The final woman that I would like to tell you about is Elizabeth Jane (Rohr/Dimmick) McCormack. I have written about her before – Celebrating Women’s History Month – Elizabeth J. (Rohr) Dimmick McCormack – but I will try to briefly tell you about her. Her story is very impressive. Very. She had married Edward J. McCormack, son of Michael and Catherine in 1886. In 1898, he died. At the time, they had four children. Here’s the kicker. She was pregnant with their last child. Northern lower Michigan in the winter is not a nice place. For a young woman with four children and another one on the way, it can be brutal. Well, she bought a general store in Mio, Michigan and raised her kids. She never remarried either. To top everything off, when she was 69, she “adopted” her two of her granddaughters. They were 7 years old and younger. Something else, huh? I thought so too.

Elizabeth J. Rohr McCormack

Elizabeth McCormack behind the counter of her general store

I don’t want to have “favorites” here, but Catherine McCormack and her daughter-in-law, Elizabeth Rohr McCormack are two very impressive women. I am very proud that they were a part of the McCormack legacy.

I would like to mention two additional women. My mother and sister. My mother is something special. My sister is something else too. She and her husband had four kids of their own. About 5 or 6 years ago, they adopted three sisters.

Happy Mother’s Day to the women that I talked about here and to the rest of the McCormack mothers that I couldn’t mention due primarily to time and space!

I would like to thank you and everyone else for stopping by! I hope you learned something new and special.

Belated November McCormack family birthdays!

I know that it isn’t November any more, but I still wanted to remember the following people because if you are forgotten you are truly dead and I don’t want these people to be forgotten. So I apologize to them and to my readers for not getting this post done when I should have.

Here are the November birthdays that happened in the McCormack family.

Last Name, First & Mid Name                                        Birth Date                      Birth Place

Coon                         Margaret Lorriane                          12 Nov 1917                    Dewitt, Michigan
Dornauf                   Elizabeth Petronella                       12 Nov 1866                Weisbaden, Germany
McCormack            Arthur A.                                             14 Nov 1861                    London, Canada
McCormack            Edward James                                   21 Nov 1856                    London, Canada
McCormack            Gertrude “Betty” Jeanette               3 Nov 1917                     Sparks, Nevada
McCormack            Grace Ellen                                        24 Nov 1885                   Ypsilanti, Michigan
McCormack            Katherine Fidelia                             26 Nov 1870                   Ypsilanti, Michigan
Naugle                     Margaret Iseman                             4 Nov 1864                       Pennsylvania
Smith                        Suzanne Mae                                   16 Nov 1929                     Sioux City, Iowa

I know that I previously posted about Betty McCormack and Katherine McCormack for their birthdays, so I won’t talk about them here.
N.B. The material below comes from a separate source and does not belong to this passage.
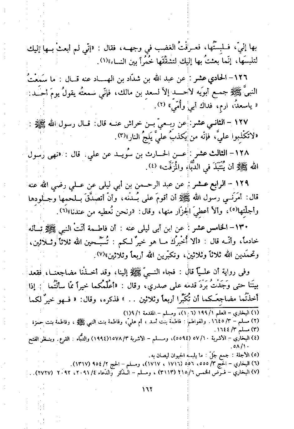 130 - الْخَامِس عشر: عَن ابْن أبي ليلى عَنهُ: أَن فَاطِمَة أَتَت النَّبِي صلى الله عَلَيْهِ وَسلم تسأله خَادِمًا، وَأَنه قَالَ: " أَلا أخْبرك مَا هُوَ خيرٌ لكم: تسبحين الله ثَلَاثًا وَثَلَاثِينَ، وتحمدين الله ثَلَاثًا وَثَلَاثِينَ، وتكبرين الله أَرْبعا وَثَلَاثِينَ ".

But please visit their posts. They were both incredible ladies.

There are a couple of people that I would like to briefly talk about here. Both are sons of Michael and Catherine (Payne) McCormack, my great-great grandparents.

It is Edward (James) McCormack. I have very little information about him. He was the younger brother to my great grandfather, William E. McCormack. Edward and his father, Michael, both bought land in northern Lower Michigan. Edward was the only one who stayed up there. Edward was married to, IMHO, very incredible woman, Elizabeth Jane Dimick. I wrote about her in these posts, Celebrating Women’s History Month – Elizabeth J. (Rohr) Dimmick McCormack and Tombstone Tuesday – Elizabeth J. McCormack and Stationary Sunday – The McCormack General Store of Mio, Michigan. Back to Edward. From what I gathered about him, Edward was a farmer up in northern Michigan. I don’t know when it happened, but sometime after he died, the land that he bought was sold or lost by his widow. Unfortunately, during the winter of 1898, 15 Feb, he died. From what I was told by his granddaughter, he caught a cold and died when it worsened. I don’t know much else about him. I don’t even have a picture of him. Happy belated birthday, great-granduncle Edward!

The second person is Edward’s (and William’s) younger brother, Arthur McCormack. Here is the one picture I have of him;

Arthur McCormack at the family reunion in Otter Lake, Michigan.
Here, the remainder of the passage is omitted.